ACTIVITY
Please print each entry below exactly as it stands, but without any pictures.

Collected data:
※ ※ ※

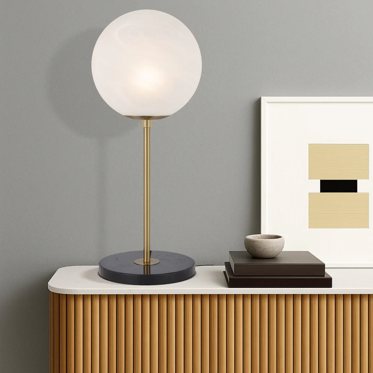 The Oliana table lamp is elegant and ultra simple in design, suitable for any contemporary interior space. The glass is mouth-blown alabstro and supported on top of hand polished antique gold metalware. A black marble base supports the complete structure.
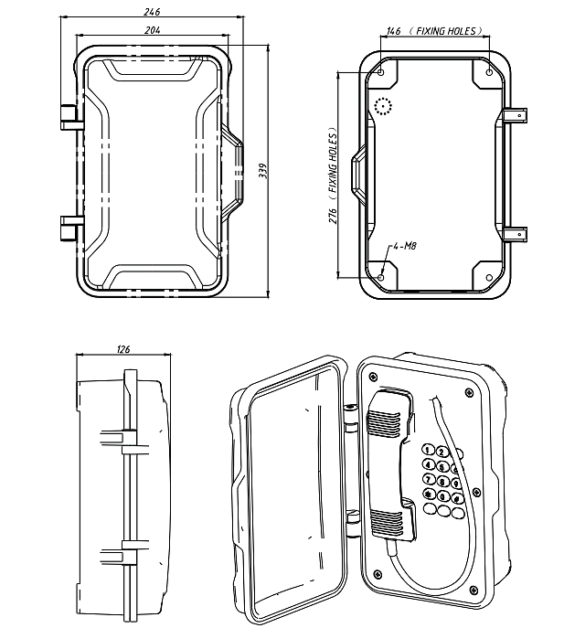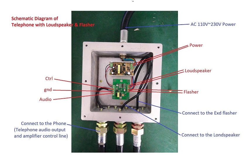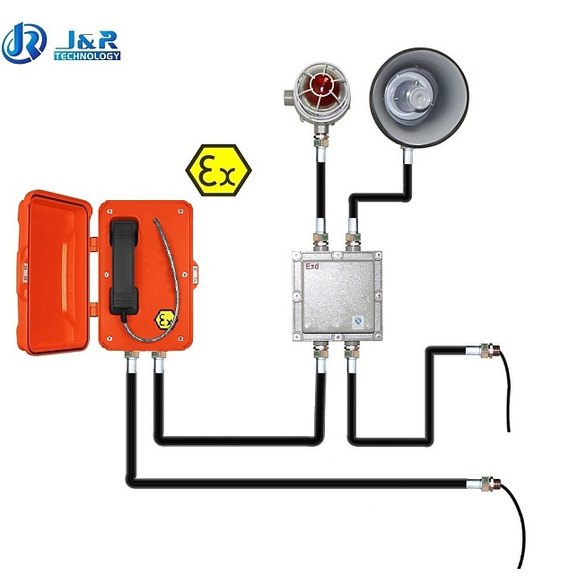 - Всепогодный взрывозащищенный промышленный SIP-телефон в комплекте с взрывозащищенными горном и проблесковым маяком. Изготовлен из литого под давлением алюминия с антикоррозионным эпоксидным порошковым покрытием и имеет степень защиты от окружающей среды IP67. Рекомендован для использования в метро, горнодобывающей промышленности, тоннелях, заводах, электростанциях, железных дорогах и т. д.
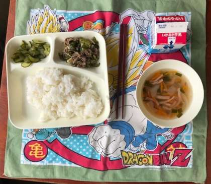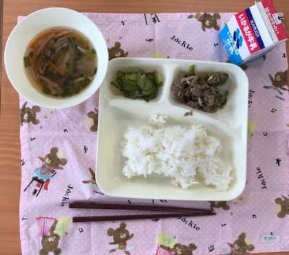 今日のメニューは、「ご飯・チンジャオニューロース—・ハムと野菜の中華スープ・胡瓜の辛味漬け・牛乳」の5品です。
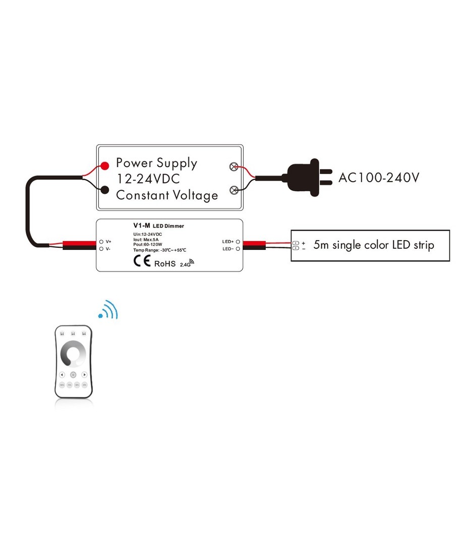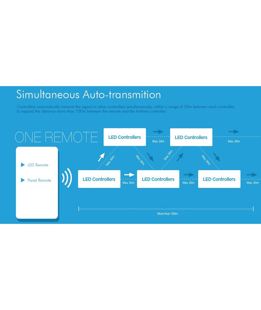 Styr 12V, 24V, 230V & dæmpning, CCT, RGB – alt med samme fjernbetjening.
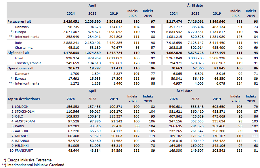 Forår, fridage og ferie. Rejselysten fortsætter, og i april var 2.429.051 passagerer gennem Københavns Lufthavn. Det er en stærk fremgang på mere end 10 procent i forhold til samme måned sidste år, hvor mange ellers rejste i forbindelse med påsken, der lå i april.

※ ※ ※

WRITTEN SOLUTION
 The Oliana table lamp is elegant and ultra simple in design, suitable for any contemporary interior space. The glass is mouth-blown alabstro and supported on top of hand polished antique gold metalware. A black marble base supports the complete structure.
 - Всепогодный взрывозащищенный промышленный SIP-телефон в комплекте с взрывозащищенными горном и проблесковым маяком. Изготовлен из литого под давлением алюминия с антикоррозионным эпоксидным порошковым покрытием и имеет степень защиты от окружающей среды IP67. Рекомендован для использования в метро, горнодобывающей промышленности, тоннелях, заводах, электростанциях, железных дорогах и т. д.
 今日のメニューは、「ご飯・チンジャオニューロース—・ハムと野菜の中華スープ・胡瓜の辛味漬け・牛乳」の5品です。
 Styr 12V, 24V, 230V & dæmpning, CCT, RGB – alt med samme fjernbetjening.
 Forår, fridage og ferie. Rejselysten fortsætter, og i april var 2.429.051 passagerer gennem Københavns Lufthavn. Det er en stærk fremgang på mere end 10 procent i forhold til samme måned sidste år, hvor mange ellers rejste i forbindelse med påsken, der lå i april.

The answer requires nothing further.